If you need to build an image gallery or slideshow for a Concrete5 site, I’ve made some boilerplate code available that handles all of the editing and database infrastructure so you can concentrate on implementing the front-end (usually a jquery image gallery or slideshow plugin). The code is available here:

C5 Designer Gallery on GitHub

Read on for details and instructions on how to use it, using the Flex Slider as an example…

Installation

If you scroll down the github page, you will find instructions for customizing this package for your own use. In this blog post I’ll show you an example using the Flex Slider jQuery plugin.
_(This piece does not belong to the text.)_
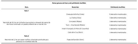 A partir de la geolocalización en mapas de acceso público de los elementos inventariados en el proyecto, se crean posibles recorridos para que el público general pueda acercarse al patrimonio de manera recreativa en rutas diseñadas para hacer a pie, identificando su longitud y principales características de accesibilidad. Las rutas recorren áreas de especial interés paisajístico-patrimonial donde se pueden encontrar algunos de los vestigios más representativos del patrimonio marítimo inmueble, se proponen cuatro áreas: Broña (Outes), Porto do Son, Area Secada-Touro (Ribeira) y Boiro.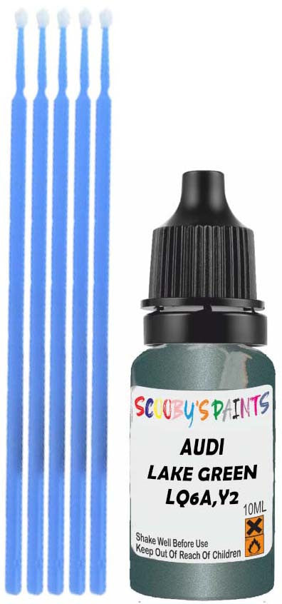 Professionally mixed touch-up paint matched to Audi factory colour LQ6A,Y2 – Lake Green Metallic for model years 2022–2022. Ideal for repairing stone chips, light scratches and minor blemishes while helping to prevent corrosion.

If you have a decent understanding of html, css, and javascript, you should be able to figure out how to use this boilerplate package code to implement any javascript or jquery gallery/slideshow plugin.

First, download the package by clicking the “ZIP” button at the top of the github page.

github download link
github download link

Unzip the downloaded file, and inside the extracted directory you should see a packages folder. Inside this folder is another folder called designer_gallery. Move this designer_gallery folder into your site’s packages directory.
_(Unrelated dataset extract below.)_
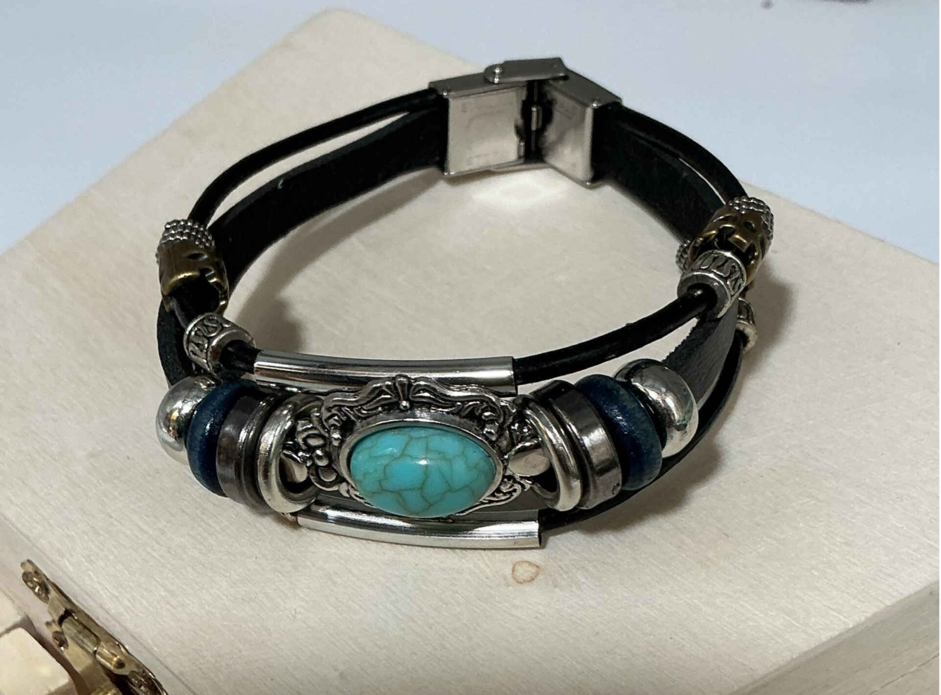 Bracelet en cuir orné d'une turquoise

You can install the package via Dashboard -> Add Functionality, and see it in action. But out of the box it doesn’t provide much in the way of a front-end (just an unstyled list of images and titles from the chosen file set). We’re going to modify the code in a few places, and then implement the “Flex Slider” jquery plugin as our front-end.

Configure the Back-End

Next, follow the steps outlined in the README (go back to the C5 Designer Gallery github page and scroll down to the “Customization Steps” section). Note that step 1 (uninstalling the package) only applies if you installed it after downloading.
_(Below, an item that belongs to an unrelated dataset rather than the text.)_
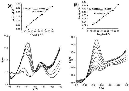 Figure 6A,B show the voltammograms and calibration plots obtained for Pb(II) detection using green-AgNPs-based and green-AuNPs-based electrodes. In both graphics, it is possible to relate the peak area to the applied potential between −1.2 V and −0.2 V.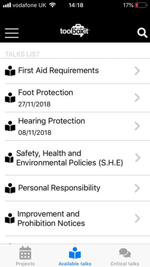 The Toolboxit App is the only app currently available in the UK that is based solely for the UK construction industry. It allows all companies from painters, plumbers right through to general contractors to easily carry out toolbox talks on a daily basis on all your project sites

For our example Flex Slider, we do the following:

  1. If you already installed the package on your site to test it out, uninstall it now via Dashboard -> Add Functionality. If you haven’t installed it on your site, make sure you at least copied the designer_gallery folder into your site’s packages directory.
  2. Rename the top-level designer_gallery folder to flex_slider. Then go into the flex_slider directory, and within that go into the blocks directory . You should see another folder called designer_gallery – rename this to flex_slider as well.
    Rename 2 directories
    Rename 2 directories
  3. Go back up to the top-level flex_slider directory (you should see 3 folders: blocks, helpers, and tools, and 2 files: controller.php and icon.png), and edit the controller.php file as follows:
    • Change the class name from DesignerGalleryPackage to FlexSliderPackage
    • Change the $pkgHandle from ‘designer_gallery’ to ‘flex_slider’
    • In the getPackageName() function, change ‘Designer Gallery’ to ‘Flex Slider’
    • In the getPackageDescription() function, change ‘Designer Gallery’ to ‘An awesome, fully responsive jQuery slider plugin.’ (or whatever you’d like – I just took this from the FlexSlider site).
      Change the package controller in 4 places
      Change the package controller in 4 places
  4. Go down into the blocks directory, and within that go into the flex_slider directory. Edit the controller.php file as follows:
    • Change the class name from DesignerGalleryBlockController to FlexSliderBlockController
    • Change the $btTable from ‘btDesignerGallery’ to ‘btFlexSlider’
    • In the getBlockTypeName() function, change ‘Designer Gallery’ to ‘Flex Slider’
    • In the getBlockTypeDescription() function, change ‘Designer Gallery’ to ‘An awesome, fully responsive jQuery slider plugin.’
      Change the block controller in 4 places
      Change the block controller in 4 places
  5. Edit the db.xml file as follows:
    • Change the table name from “btDesignerGallery” to “btFlexSlider”
      Change the db.xml file in 1 place
      Change the db.xml file in 1 place
  6. Optionally replace the package icon.png file with your own icon (a 97x97 PNG with rounded corners). We are going to skip this step for now.
  7. We want to allow for images in our slider to link to other pages in our site when clicked. In order to do so, we must install Mnkras’s free Page Selector Attribute addon. This adds a new attribute type to our system that lets users choose a page from the sitemap. When our package is installed in the next step, it will create a file attribute of this type which lets users choose the page to link to via File Manager properties.
  8. We’re all done with the back-end, so go ahead and install our new “Flex Slider” package via Dashboard -> Add Functionality. If you get any errors, go back through the steps to make sure you didn’t spell anything wrong, leave any words out, or lose any quotation marks.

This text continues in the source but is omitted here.